The thrill of discovery, Thorogood said, came as much from the song as the sound or style that first gave it life.

“First of all, we’ve got to like the tune. It doesn’t have much to do with the kind of style it is. I love Hank Williams. So people are like, ‘Oh, so you like country music.’ Well, I don’t know what you call what he does. He’s not a country artist because he came from the city. He came from Montgomery, Alabama. He’s a city guy. If I hear certain reggae tunes I love and I could play them, I would play those, too. If I could play ‘In the Hall of the Mountain King’ on my guitar, I’d do it. When we pick certain songs, we’re thinking, ‘Well, I just happen to like this tune, so let’s see how it works.’ Then we play it and if a live audience digs it, we stay with it.”

The song that made him a star

The same kind of thinking went into Thorogood’s own songwriting.

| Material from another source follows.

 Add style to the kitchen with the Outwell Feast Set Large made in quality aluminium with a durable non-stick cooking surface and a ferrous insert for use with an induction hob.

The title track to his 1982 album “Bad to the Bone” became a major radio hit, a jovial ode to the blues and boogie grinds of Muddy Waters and Bo Diddley. The tune’s accompanying music video (which featured Diddley) then introduced Thorogood to audiences of MTV, the cable music network then in its infancy. Topping it all was the song’s appearance in numerous hit movies from the 1980s. Among them: “Lethal Weapon,” “Bull Durham,” “Terminator 2: Judgment Day,” “The Color of Money” and “Christine.”

In short, “Bad to the Bone” became not only Thorogood’s biggest hit, but an anthem to the roots-savvy grooves his music was born out of as well as the attitude — yes, the punkish attitude — that fortified it.

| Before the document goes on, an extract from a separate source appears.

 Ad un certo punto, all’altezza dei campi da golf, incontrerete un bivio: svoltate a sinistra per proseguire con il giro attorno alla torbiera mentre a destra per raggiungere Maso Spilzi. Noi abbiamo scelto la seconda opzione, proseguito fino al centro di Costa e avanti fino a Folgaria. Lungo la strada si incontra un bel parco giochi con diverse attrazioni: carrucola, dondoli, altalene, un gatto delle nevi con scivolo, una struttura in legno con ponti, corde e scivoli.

“Well, we had the attitude before we ever played a note of music,” Thorogood said, erupting into laughter. “That came first. That had to come first. Jerry Lee Lewis was a wild one before he ever touched the piano. Keith Richards was from the other side of the tracks before he ever touched a guitar. So with certain people, it’s attitude first and then it just comes out of them in whatever they happen to do.

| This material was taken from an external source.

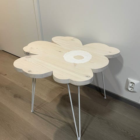 Pöydän mitta 120 cm ja korkeus 51 cm.

“(Marlon) Brando was such a natural. He just rebelled against authority naturally. He hated it. He went to boarding school and something just rubbed him the wrong way. Somehow, that just came out in his work. You can see it and feel it. The attitude is always there first. Then comes the other stuff. It doesn’t go the other way around. It’s not, ‘Well, now that I learned the guitar, I’m going to learn to be a bad ass.’ No, no, no, no, no. Keith Richards was a bad ass to begin with. People tell me, ‘Well, your guitar playing is kind of dirty and nasty and it’s borderline punk rock. And I’m, ‘No, I was a nasty little (expletive) even before I played.”

Back on tour after health scare

Thorogood is now 73, so being bad to the bone brings with it some staying power. Still, real life occasionally intervenes. Last spring, a month’s worth of North American concerts were canceled due to what his website announced only as “a very serious medical condition that will require immediate surgery and quite of few weeks of recuperation and healing.” Thorogood didn’t stay on the sidelines long, though. He has been touring steadily again since late July.

”Things are in a good place right now because I’m not in the hospital and I’m not in the joint. Everything else is a bonus.”

George Thorogood and the Destroyers

When: Nov. 7 at 8 p.m.

Where: Lexington Opera House, 401 W. Short.

Tickets: $60.50-$80.50 through ticketmaster.com.